CONGRATS TO gr8pix for the FTF. This used to be the site of the Pokiok Falls until the completion of the Mactaquac Dam changed the entire Saint John River landscape. My grandmother worked at the Pokiok Falls Motel and Cabins (not certain of the name). My father still has one of these cabins on his farm. We used it as a playhouse growing up. I remember exploring the ruins of this area ( just in back of the Irving Restaurant and Gas Bar which ceased operations once the new highway was completed). As teenagers we used to jump off the catwalk underneath the Pokiok Bridge, the braver ones jumping off the bridge itself or from the cables higher up. There is some disagreement as to the proper name of this bridge, Pokiok or Hawkshaw Bridge. The first Hawkshaw Bridge made of concrete was blown up and replaced by this newer bridge to make way for the Mactaquac head pond. Families, including my parents, had to leave their homes along the river and find other places to live.

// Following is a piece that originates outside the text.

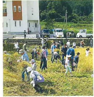
第8回三菱電機労組 与布土ふるさと村 秋の五感体験スクール 9月13日(日)

If you want to know more about the effects fo the Mactaquac Dam you might wish to visit this site. A small excerpt is attached.
(visit link)
"The Saint John River was a living current of life passing through a wilderness landscape partly occupied by farms, towns and villages. We swam in its waters, poled canoes, worked the farmlands on the intervals and the forests along the banks, picked fiddleheads in the spring, visited, skated and played hockey over its ice in the winter. People came in from the country on Saturday nights, shopped in the towns and met friends. They were connected to one another - by the river.
Looking back 50 years later, it has become clear that to dam the river with a series of hydroelectric dams was to kill it. The invasion of the dams both flattened the river and tore to ribbons the delicate tissue of our convivial folk culture."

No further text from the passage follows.